Understanding These Numbers

  • 5,500 TPS: Processing 5,500 small transactions per second, ideal for high-concurrency write scenarios
  • Single Round-Trip: Reduces network latency by over 50% compared to Arrow Flight SQL
  • Zero Configuration: No need to install additional PostgreSQL or Redis

Real-World Deployment Scenarios

Scenario 1: Multi-Collector Log Aggregation

# 10 collectors writing to the same DuckDB simultaneously
for i in {1..10}; do
  duckdb -c "INSTALL quack; LOAD quack;" \
        -c "ATTACH 'quack:server:9494' AS qr (TOKEN 'secret');" \
        -c "INSERT INTO qr.logs SELECT * FROM read_csv_auto('logs_$i.csv');"
done

Scenario 2: Lightweight OLAP Service

# Start Quack server
duckdb -c "INSTALL quack FROM core_nightly; LOAD quack;" \
       -c "CALL quack_serve('quack:localhost', token='secret');"

Scenario 3: Lightweight ELK Alternative

Quack can serve as a lightweight alternative to Elasticsearch, especially suitable for small to medium-scale log analysis scenarios.

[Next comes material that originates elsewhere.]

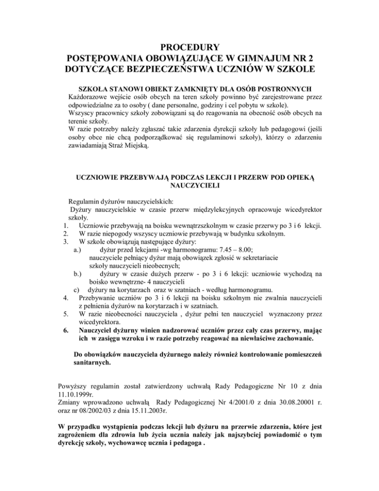 PROCEDURY POSTĘPOWANIA OBOWIĄZUJĄCE W GIMNAJUM NR 2 DOTYCZĄCE BEZPIECZEŃSTWA UCZNIÓW W SZKOLE SZKOŁA STANOWI OBIEKT ZAMKNIĘTY DLA OSÓB POSTRONNYCH Każdorazowe wejście osób obcych na teren szkoły powinno być zarejestrowane przez odpowiedzialne za to osoby ( dane personalne, godziny i cel pobytu w szkole). Wszyscy pracownicy szkoły zobowiązani są do reagowania na obecność osób obcych na terenie szkoły. W razie potrzeby należy zgłaszać takie zdarzenia dyrekcji szkoły lub pedagogowi (jeśli osoby obce nie chcą podporządkować się regulaminowi szkoły), którzy o zdarzeniu zawiadamiają Straż Miejską. UCZNIOWIE PRZEBYWAJĄ PODCZAS LEKCJI I PRZERW POD OPIEKĄ NAUCZYCIELI Regulamin dyżurów nauczycielskich: Dyżury nauczycielskie w czasie przerw międzylekcyjnych opracowuje wicedyrektor szkoły. 1. Uczniowie przebywają na boisku wewnątrzszkolnym w czasie przerwy po 3 i 6 lekcji. 2. W razie niepogody wszyscy uczniowie przebywają w budynku szkolnym. 3. W szkole obowiązują następujące dyżury: a.) dyżur przed lekcjami -wg harmonogramu: 7.45 – 8.00; nauczyciele pełniący dyżur mają obowiązek zgłosić w sekretariacie szkoły nauczycieli nieobecnych; b.) dyżury w czasie dużych przerw - po 3 i 6 lekcji: uczniowie wychodzą na boisko wewnętrzne- 4 nauczycieli c) dyżury na korytarzach oraz w szatniach - według harmonogramu. 4. Przebywanie uczniów po 3 i 6 lekcji na boisku szkolnym nie zwalnia nauczycieli z pełnienia dyżurów na korytarzach i w szatniach. 5. W razie nieobecności nauczyciela , dyżur pełni ten nauczyciel wyznaczony przez wicedyrektora. 6. Nauczyciel dyżurny winien nadzorować uczniów przez cały czas przerwy, mając ich w zasięgu wzroku i w razie potrzeby reagować na niewłaściwe zachowanie. Do obowiązków nauczyciela dyżurnego należy również kontrolowanie pomieszczeń sanitarnych. Powyższy regulamin został zatwierdzony uchwałą Rady Pedagogiczne Nr 10 z dnia 11.10.1999r. Zmiany wprowadzono uchwałą Rady Pedagogicznej Nr 4/2001/0 z dnia 30.08.20001 r. oraz nr 08/2002/03 z dnia 15.11.2003r. W przypadku wystąpienia podczas lekcji lub dyżuru na przerwie zdarzenia, które jest zagrożeniem dla zdrowia lub życia ucznia należy jak najszybciej powiadomić o tym dyrekcję szkoły, wychowawcę ucznia i pedagoga . PROCEDURA POSTEPOWANIA W PRZYPADKU WYSTĄPIENIA NA TERENIE SZKOŁY WYPADKU 1. Zapewnienie poszkodowanemu pomocy medycznej. 2.Powiadomienie rodziców, opiekunów poszkodowanego. 3.Powiadomienie organu prowadzącego szkołę. 4. Powiadomienie pracownika służby BHP.. 5. Powiadomienie społecznego inspektora pracy ( protokół) wypadku). 6.Powiadomienie Rady Rodziców. Procedura postępowania w przypadku uzyskania informacji o popełnieniu przestępstwa ściganego z urzędu na terenie szkoły Wybrane kategorie przestępstw z Kodeksu karnego „ścigane z urzędu” ( postępowanie wszczyna się niezależnie od woli pokrzywdzonego a nawet wbrew jego woli !) • Udział w bójce - starcie co najmniej 3 osób, z których każda występuje w roli napastnika i napadniętego – ze świadomością, że zajście naraża człowieka na niebezpieczeństwo utraty życia, uszkodzenia ciała lub rozstroju zdrowia lub pobiciu – występują co najmniej 3 osoby ,z których 1 broni się a 2 atakują. Przez udział w bójce rozumie się również uczestnictwo w niej w postaci zachęcania słownego lub stwarzania warunków do rozwinięcia bójki np. zgaszenia światła, przetrzymywanie ofiary • Doprowadzenie małoletniego poniżej 15 lat do obcowania płciowego lub poddania się innej czynności seksualnej ; zgoda małoletniego nie ma znaczenia dla istoty czynu) • Znęcanie się – bicie, grożenie, znieważanie, niszczenie mienia, odmawianie pożywienia czy leczenia osoby chorej. Czynności te są popełniane świadomie i rozciągnięte w czasie lub jednorazowe ale intensywne. • Kradzież, przywłaszczenie, wymuszenie • Oszustwo • Naruszenie nietykalności cielesnej funkcjonariusza • Podrabianie dokumentów • Wywieranie wpływu na świadka – groźba lub przemoc użyta wobec świadka w celu skłonienia go do cofnięcia skargi lub wpłynięcia na złożone zeznania • Nie zawiadomienie o przestępstwie – szkoła jako instytucja OBOWIĄZKI SZKOŁY 1. Nauczyciel, uczeń ma obowiązek zgłosić zdarzenie dyrektorowi lub pedagogowi. Osoba przyjmująca powinna zapewnić zgłaszającemu dyskrecję, poprzez wysłuchanie go bez świadków, przy drzwiach zamkniętych, odnotować godzinę zgłoszenia oraz zapytać o przyczynę ewentualnej zwłoki w podaniu tej informacji. 2.W miarę potrzeby zapewnić pomoc lekarską pokrzywdzonym. 3. Sprawdzić w dostępny sposób wiarygodność informacji : a- jeżeli uczeń podaje świadków, to w rozmowie z jak najmniejszą ilością osób uwiarygodnić informację b- sprawdzić czy zdarzenie miało miejsce na terenie szkoły i w trakcie zajęć lekcyjnych c- w rozmowie z pokrzywdzonym ustalić liczbę sprawców i zapisać ich dane personalne d- nie nagłaśniać zdarzenia 4.O ile jest to konieczne i możliwe zatrzymać sprawcę i ofiarę do momentu przybycia policji ( dot. zakończenia zajęć, próby ucieczki). Zawiadomić rodziców. a – odizolować ofiarę od sprawcy b – jeśli sprawców jest kilku umieścić ich w oddzielnych pomieszczeniach c – udzielić wsparcia psychologicznego pokrzywdzonym jeśli sytuacja tego wymaga. 5. Zabezpieczyć rzeczy pochodzące z przestępstwa. 6. Zawiadomić rodziców. 7. ZAWIDOMIĆ : POLICJĘ – SĄD - ORGAN PROWADZĄCY- WIZYTATORA– KURATORIUM OŚWIATY PROCEDURA POSTĘPOWANIA W PRZYPADKU UJAWNIENIA PRZESTĘPSTWA ŚCIGANEGO NA WNIOSEK POKRZYWDZONEGO NA TERENIE SZKOŁY : • • • zniszczenie lub uszkodzenie cudzej rzeczy, czyniąc ją niezdatną do użytku groźby karalne – grożenie innej osobie popełnieniem przestępstwa w taki sposób, że będzie ona obawiać się urzeczywistnienia zapowiedzi i krępuje to swobodę jej działania np. g
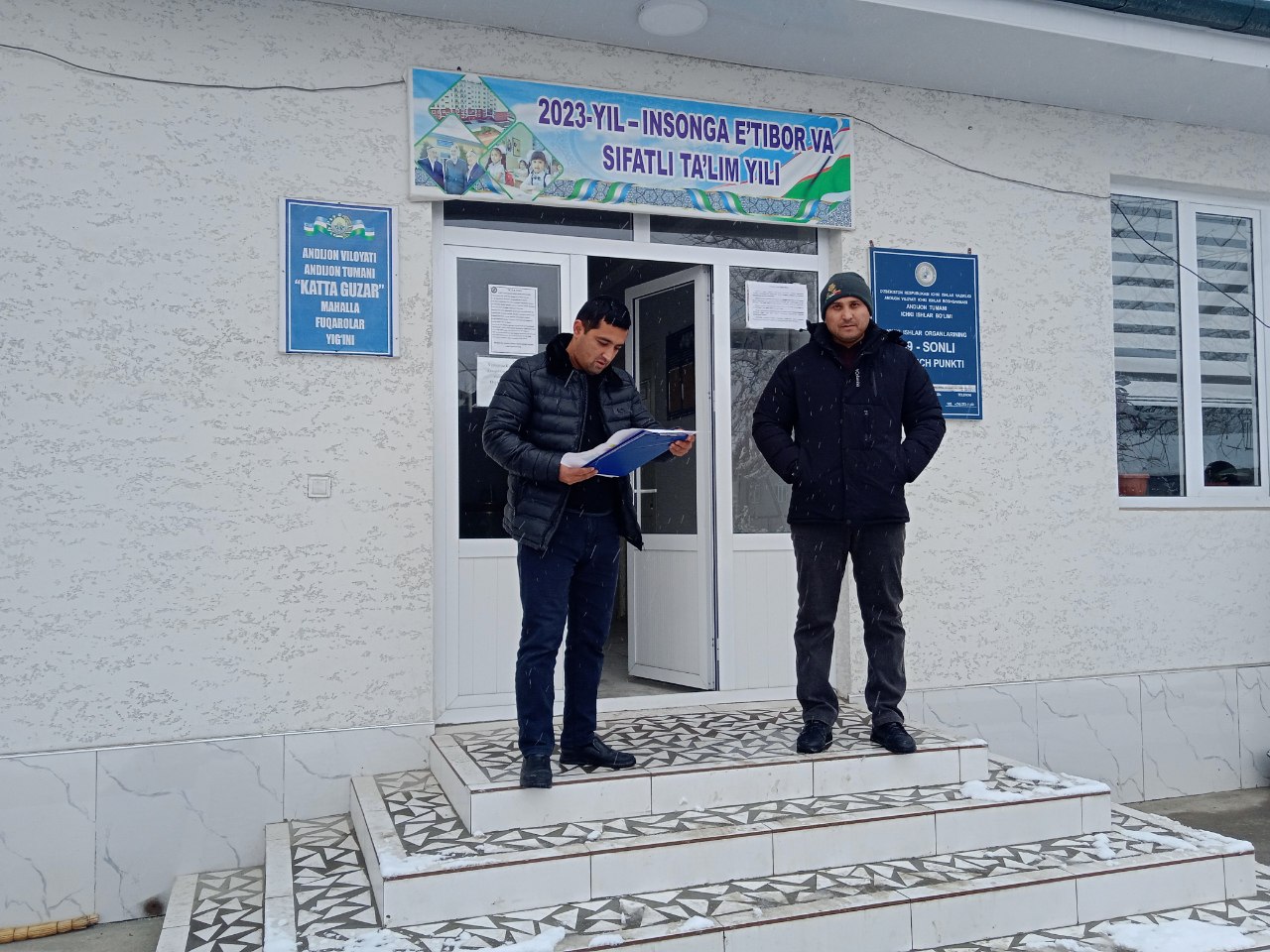 Joriy yilning 12-dekabr kuni Аndijon viloyati statistika boshqarmasi Ro‘yxatga olish jarayonlarini tashkil etish va o‘tkazish bo‘limi boshlig‘i B.G‘ulomjonov tomonidan Andijon tumani Katta guzar MFYda xonadonlar raqamlanish holati hamda nomi o‘zgargan ko‘chalarga yangi nom belgilarini o‘rnatish jarayoni o‘rganildi.

Combining with Hermes Agent

Automated Quack Server Deployment

# Hermes Agent automatically deploys Quack server
hermes chat -q "Deploy Quack server on port 9494, configure token authentication"

Advantages:

  • Zero-configuration startup
  • Automatic service monitoring
  • Automatic restart on anomalies

Intelligent Data Collection Pipeline

# Multiple Hermes Agent instances write to the same DuckDB via Quack protocol
# Each Agent is responsible for different data sources

Application Scenarios:

  • Multiple crawlers writing to DuckDB simultaneously
  • Real-time monitoring data aggregation
  • Distributed data collection

AI-Driven Query Optimization

-- Hermes Agent analyzes query patterns and optimizes automatically
INSTALL quack FROM core_nightly;
LOAD quack;
CALL quack_serve('quack:localhost', token='secret');

Features:

  • Automatic index suggestions
  • Query performance monitoring
  • Intelligent caching strategies

Automated Monitoring and Alerting

# Hermes Agent periodically checks Quack server status
cronjob action=create \
  name="Quack Monitoring" \
  schedule="*/5 * * * *" \
  prompt="Check Quack server health status, send alerts on anomalies"

Monitoring Metrics:

  • TPS (Transactions Per Second)
  • Response Time
  • Connection Count
  • Error Rate

Monetization Potential

  1. SaaS Data Platform: Provide Quack services to customers, charge by query volume
  2. Enterprise BI Solution: Combine with Streamlit for visualized analysis
  3. Monitoring as a Service: Automatically monitor Quack cluster health status
  4. Data Pipeline Service: Help enterprises build distributed data collection pipelines

Technical Advantage Comparison

FeatureQuackTraditional Solutions
Deployment ComplexityZero configurationRequires additional services
Concurrency SupportMulti-clientSingle-process limitation
Query EfficiencySingle round-tripMultiple round-trips
Network CompatibilityHTTP protocolRequires special ports
Operational CostExtremely lowHigher

Limitations

Quack still has some limitations to be aware of:

  • Requires DuckDB core_nightly version
  • Production environment usage requires careful testing
  • Documentation and community resources are still being improved

Conclusion

The Quack protocol provides an elegant solution to DuckDB’s multi-process concurrent access problem. Combined with Hermes Agent’s automation management capabilities, you can easily build an enterprise data platform.

If you’re looking for a lightweight, high-performance, easy-to-deploy data solution, the Quack + Hermes Agent combination is worth trying.


This article is based on official DuckDB documentation and actual test results. All performance data comes from official benchmarks.